Article

Collective cell dynamics, when groups of cells move together, are crucial in many biological systems. The way these cells move, align with each other, and interact mechanically creates new patterns and behaviors that are essential for their function. While much is known about how cells migrate in two dimensions (2D), the effects of three-dimensional (3D) environments on collective cell behavior are less understood.

The research groups of Anne Grapin-Botton at the Max Planck Institute of Molecular Cell Biology and Genetics and of Frank Jülicher and Marko Popović, both at the Max Planck Institute for the Physics of Complex Systems, set out to investigate the rotation of spherical cell clusters. The researchers looked at lab-grown mouse pancreas organoids—models of an organ in three dimensions. Tissue rotation is quite common and is also observed in other organoid systems or in embryos.

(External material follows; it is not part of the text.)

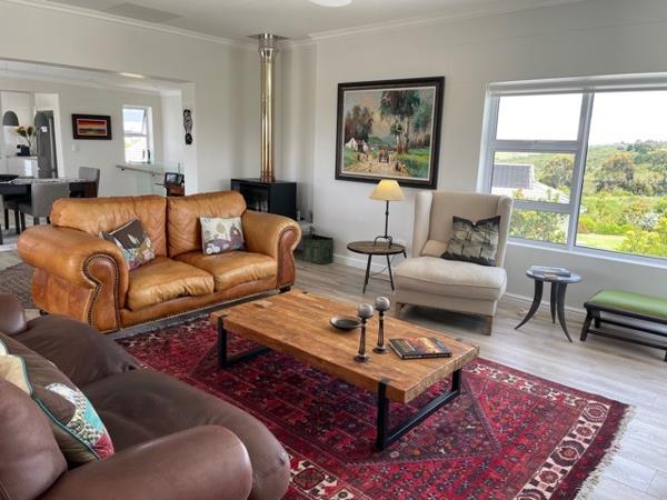LOUNGE: Well-furnished lounge with large leather sofas, large flat screen smart TV with full DSTV and Netflix, fireplace, doors lead out onto a sunny covered entertainment patio with lovely views.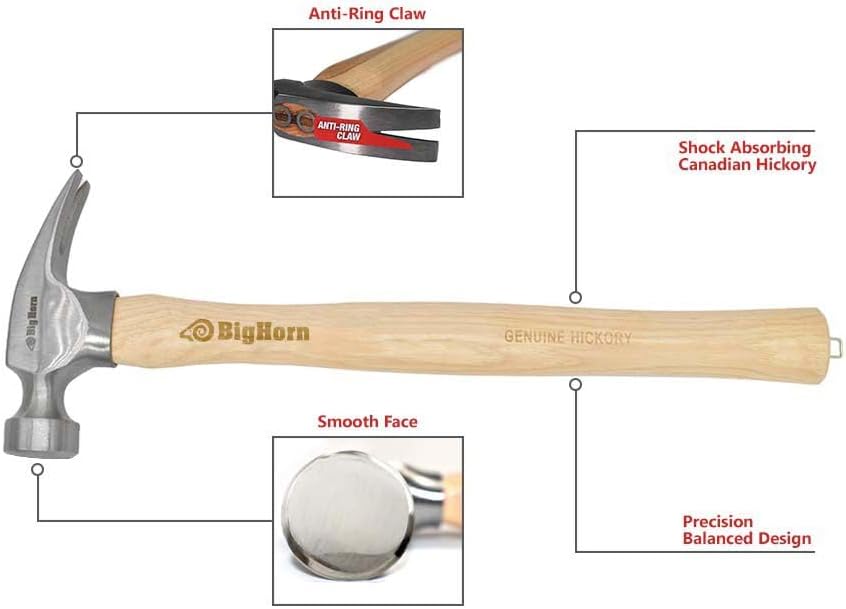 The Massive Horn 10 oz Claw Hammer with Straight Deal with was manufactured with a solid metal head for power and sturdiness. Outfitted with a curved claw and heat-treated easy face placing floor, the best resolution for trim, carpentry, woodworking, framing, different ending work, and a wide range of different functions. This claw hammer includes a basic 100% Canadian Hickory wooden deal with for a robust and comfy grip that delivers a robust and environment friendly blow.

“We found that many of these cell clusters rotate continuously, with the direction of rotation sometimes drifting or stopping entirely,” says Tzer Han Tan, one of the three lead authors of the study. He continues, “We asked ourselves why the cell clusters (or organoids) are rotating and reached out to our physicist colleagues Frank Jülicher and Marko Popović.” The researchers built a three-dimensional physical model to understand the collective cell behavior. Those 3D vertex models are usually used to describe other things, but here, the researchers added a polarity vector for cells to the system and set up the model on a round sphere. “By running a simulation and then comparing it with experimental data for rotation speed and the stability of the rotation axis, we were able to show that the interplay of traction forces and cell polarity can explain these rotational behaviors,” say Frank Jülicher and Marko Popović.

Spherical tissue rotates solidly most of the time, like the earth, but the sphere can sometimes transition to a flowing state and spontaneously break symmetry. The collective cell behavior can give rise to this chiral asymmetry in three dimensions. An object or a system can be described as chiral if it is distinguishable from its mirror image. Both rotational motion and turbulent flows are necessary to achieve chiral asymmetry.  

Anne Grapin-Botton, one of the three supervising authors, summarizes, “The robust mechanism for chiral symmetry breaking that we have discovered may have implications to understand the development of left-right asymmetry in biological systems. Our results most likely apply to rotating spheres composed of many cell types and in the pancreas may be deployed on other geometries such as tubes. This may be essential for understanding how cells behave on complex three-dimensional surfaces.”